[Opening Extracted material section]
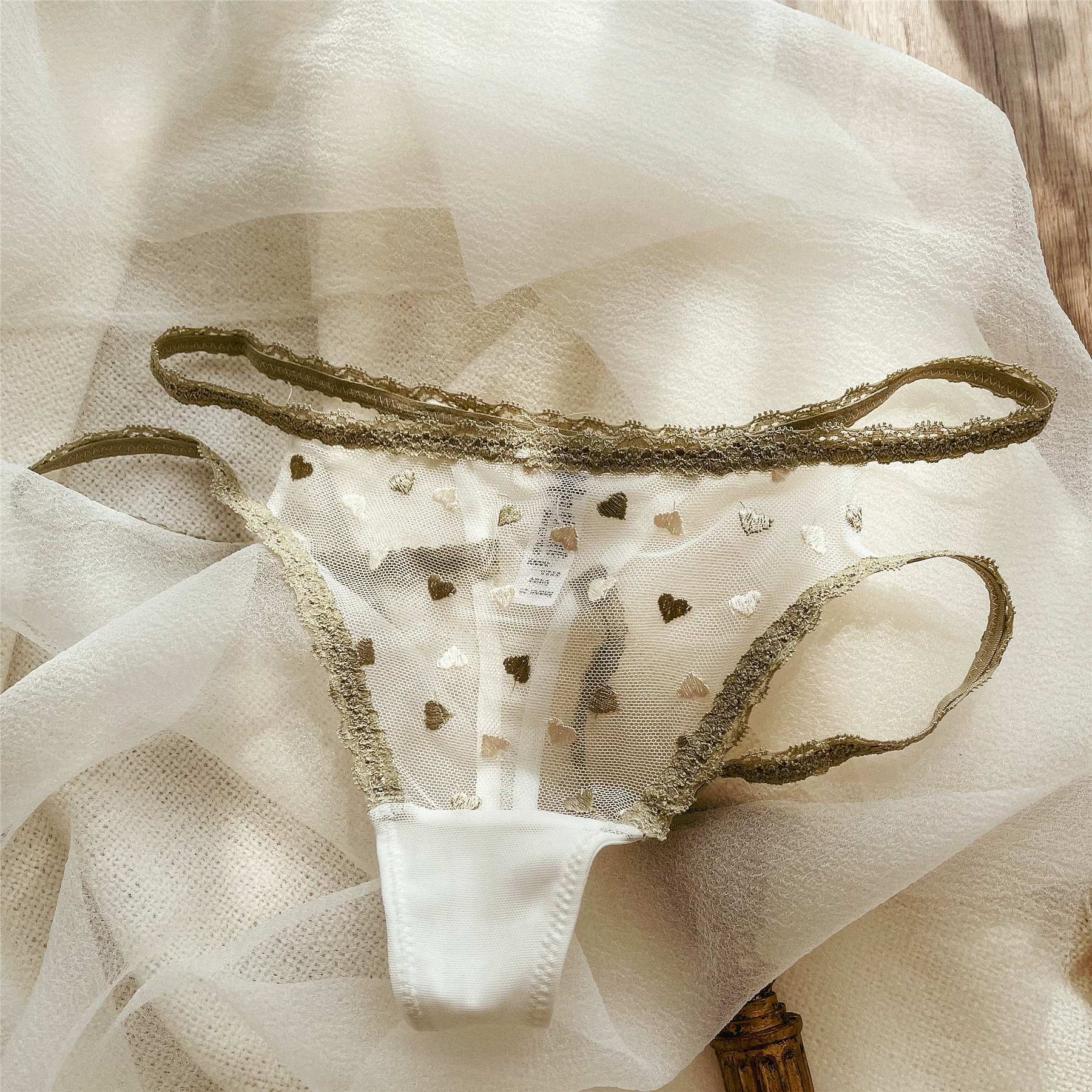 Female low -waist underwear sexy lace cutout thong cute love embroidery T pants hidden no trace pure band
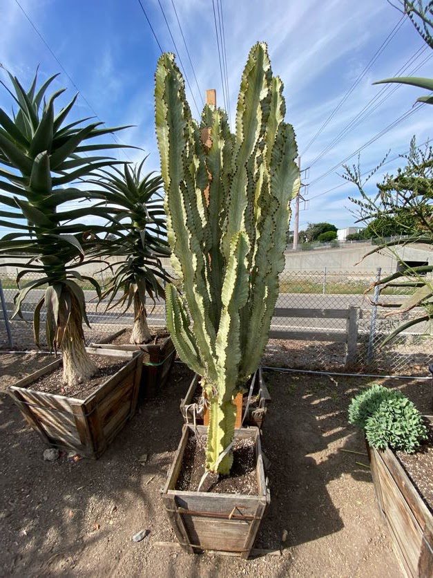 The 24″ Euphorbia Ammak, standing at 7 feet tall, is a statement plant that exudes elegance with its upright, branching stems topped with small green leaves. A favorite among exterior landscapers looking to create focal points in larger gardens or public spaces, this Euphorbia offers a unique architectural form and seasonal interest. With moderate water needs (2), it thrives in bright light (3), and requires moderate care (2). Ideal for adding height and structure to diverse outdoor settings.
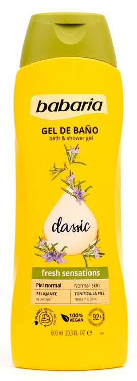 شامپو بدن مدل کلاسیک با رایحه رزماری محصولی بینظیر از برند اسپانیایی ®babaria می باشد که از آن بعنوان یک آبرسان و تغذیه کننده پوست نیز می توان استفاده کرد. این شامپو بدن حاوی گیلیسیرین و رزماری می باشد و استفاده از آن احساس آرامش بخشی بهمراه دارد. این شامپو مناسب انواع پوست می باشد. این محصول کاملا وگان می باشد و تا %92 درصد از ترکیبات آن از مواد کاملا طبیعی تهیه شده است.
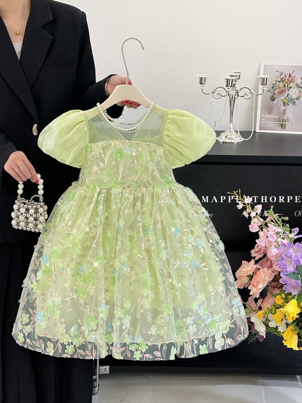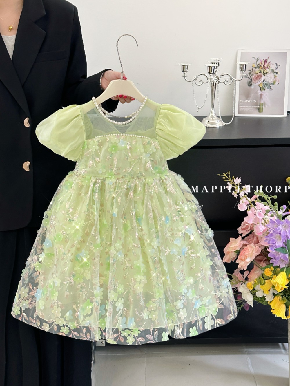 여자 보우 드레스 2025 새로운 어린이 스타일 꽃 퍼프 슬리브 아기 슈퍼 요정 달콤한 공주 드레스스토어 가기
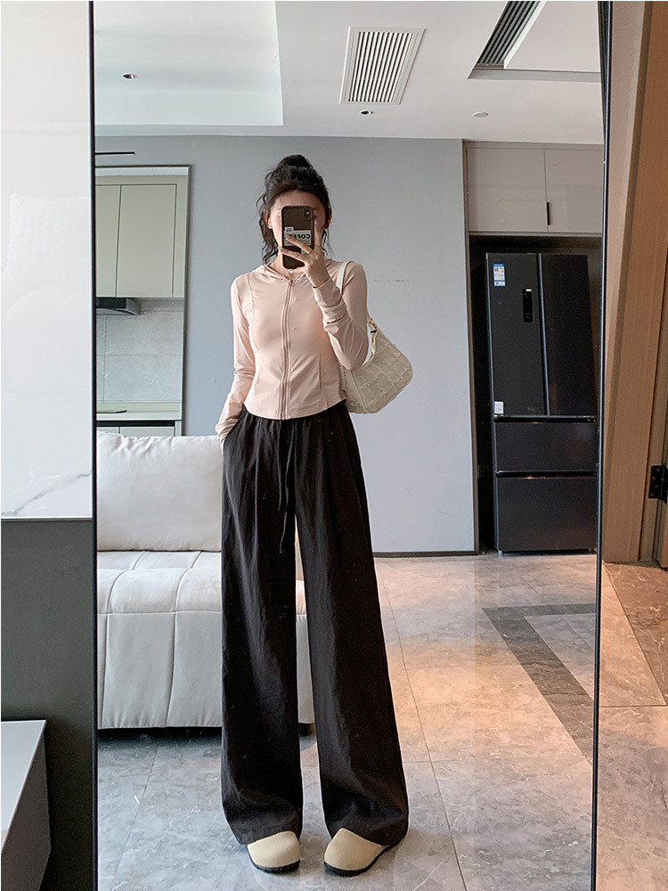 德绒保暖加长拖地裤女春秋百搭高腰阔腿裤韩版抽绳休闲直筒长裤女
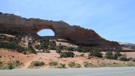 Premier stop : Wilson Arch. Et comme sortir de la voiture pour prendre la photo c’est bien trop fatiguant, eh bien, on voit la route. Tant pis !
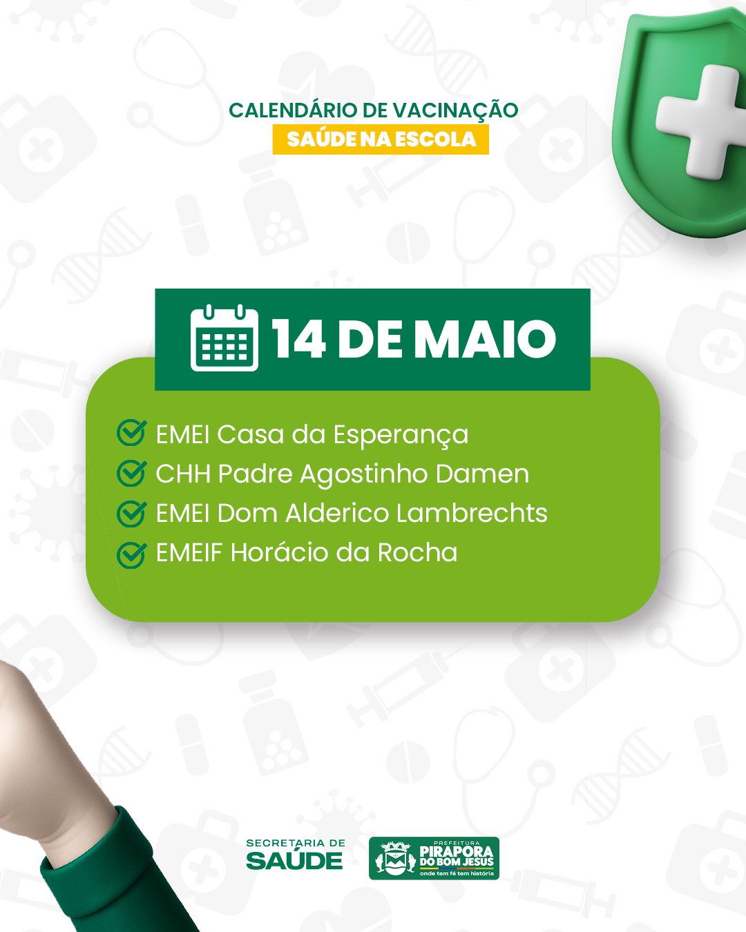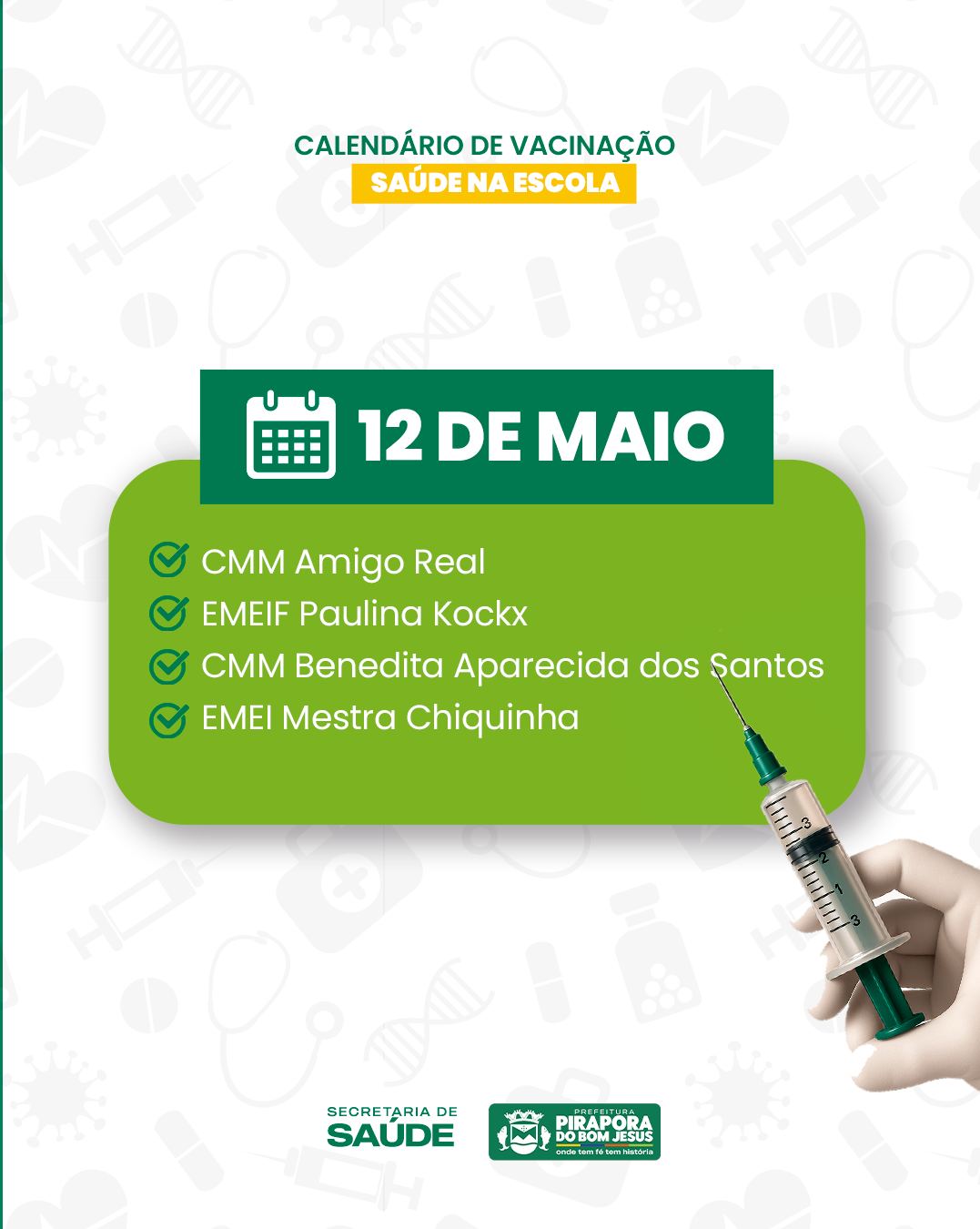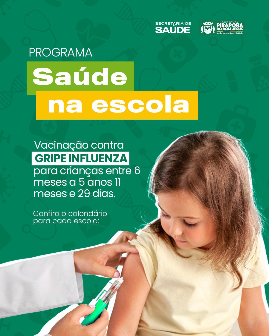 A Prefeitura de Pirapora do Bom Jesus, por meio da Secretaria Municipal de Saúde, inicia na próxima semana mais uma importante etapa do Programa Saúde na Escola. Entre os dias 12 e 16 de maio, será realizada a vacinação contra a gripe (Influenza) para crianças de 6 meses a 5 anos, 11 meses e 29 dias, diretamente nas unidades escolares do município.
[Closing Extracted material section]
[Opening Extracted material section]
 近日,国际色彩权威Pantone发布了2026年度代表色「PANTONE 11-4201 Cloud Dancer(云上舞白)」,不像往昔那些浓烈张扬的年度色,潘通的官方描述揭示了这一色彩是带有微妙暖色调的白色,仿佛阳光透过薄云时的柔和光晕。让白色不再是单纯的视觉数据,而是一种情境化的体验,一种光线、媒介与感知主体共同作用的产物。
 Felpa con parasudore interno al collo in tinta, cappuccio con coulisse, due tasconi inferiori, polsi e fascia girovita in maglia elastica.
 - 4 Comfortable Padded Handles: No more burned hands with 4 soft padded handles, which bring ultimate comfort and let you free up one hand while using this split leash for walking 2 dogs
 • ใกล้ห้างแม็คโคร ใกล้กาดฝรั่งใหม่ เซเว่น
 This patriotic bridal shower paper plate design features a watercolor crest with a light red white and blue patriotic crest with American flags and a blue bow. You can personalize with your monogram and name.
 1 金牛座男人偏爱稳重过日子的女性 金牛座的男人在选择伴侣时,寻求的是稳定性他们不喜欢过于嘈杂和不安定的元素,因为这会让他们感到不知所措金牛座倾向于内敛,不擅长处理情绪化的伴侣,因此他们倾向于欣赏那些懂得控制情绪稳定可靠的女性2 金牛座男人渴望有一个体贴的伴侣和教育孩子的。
[Closing Extracted material section]
[Opening Extracted material section]
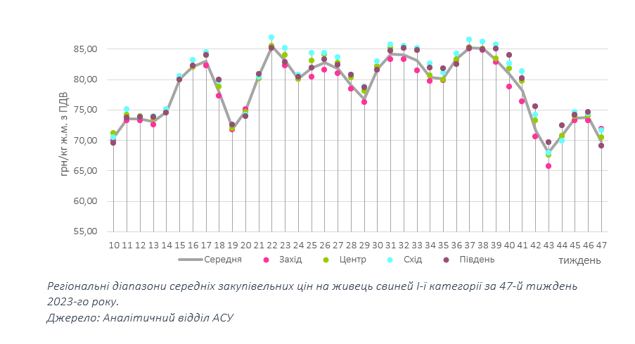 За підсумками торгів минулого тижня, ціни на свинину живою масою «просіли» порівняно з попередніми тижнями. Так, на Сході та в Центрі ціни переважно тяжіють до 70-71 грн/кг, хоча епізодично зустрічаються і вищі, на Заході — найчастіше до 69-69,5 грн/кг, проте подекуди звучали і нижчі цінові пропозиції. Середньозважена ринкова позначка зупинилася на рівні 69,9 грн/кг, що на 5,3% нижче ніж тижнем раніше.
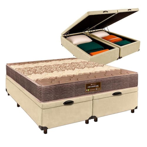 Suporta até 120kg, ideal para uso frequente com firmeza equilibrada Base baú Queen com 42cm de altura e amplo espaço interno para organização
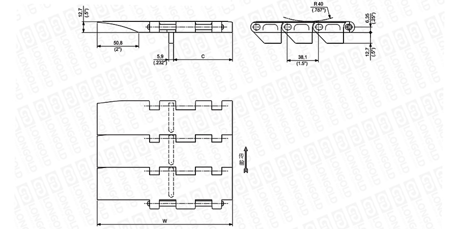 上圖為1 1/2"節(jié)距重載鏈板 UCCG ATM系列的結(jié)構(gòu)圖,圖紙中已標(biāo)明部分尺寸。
[Closing Extracted material section]
■ Aim of the task: Reproduce exactly the lines above starting at the line containing "Female low -waist" and ending at the line containing "Premier stop : Wilson", including both, but not the pictures.

■ Output below:
 Female low -waist underwear sexy lace cutout thong cute love embroidery T pants hidden no trace pure band
 The 24″ Euphorbia Ammak, standing at 7 feet tall, is a statement plant that exudes elegance with its upright, branching stems topped with small green leaves. A favorite among exterior landscapers looking to create focal points in larger gardens or public spaces, this Euphorbia offers a unique architectural form and seasonal interest. With moderate water needs (2), it thrives in bright light (3), and requires moderate care (2). Ideal for adding height and structure to diverse outdoor settings.
 شامپو بدن مدل کلاسیک با رایحه رزماری محصولی بینظیر از برند اسپانیایی ®babaria می باشد که از آن بعنوان یک آبرسان و تغذیه کننده پوست نیز می توان استفاده کرد. این شامپو بدن حاوی گیلیسیرین و رزماری می باشد و استفاده از آن احساس آرامش بخشی بهمراه دارد. این شامپو مناسب انواع پوست می باشد. این محصول کاملا وگان می باشد و تا %92 درصد از ترکیبات آن از مواد کاملا طبیعی تهیه شده است.
 여자 보우 드레스 2025 새로운 어린이 스타일 꽃 퍼프 슬리브 아기 슈퍼 요정 달콤한 공주 드레스스토어 가기
 德绒保暖加长拖地裤女春秋百搭高腰阔腿裤韩版抽绳休闲直筒长裤女
 Premier stop : Wilson Arch. Et comme sortir de la voiture pour prendre la photo c’est bien trop fatiguant, eh bien, on voit la route. Tant pis !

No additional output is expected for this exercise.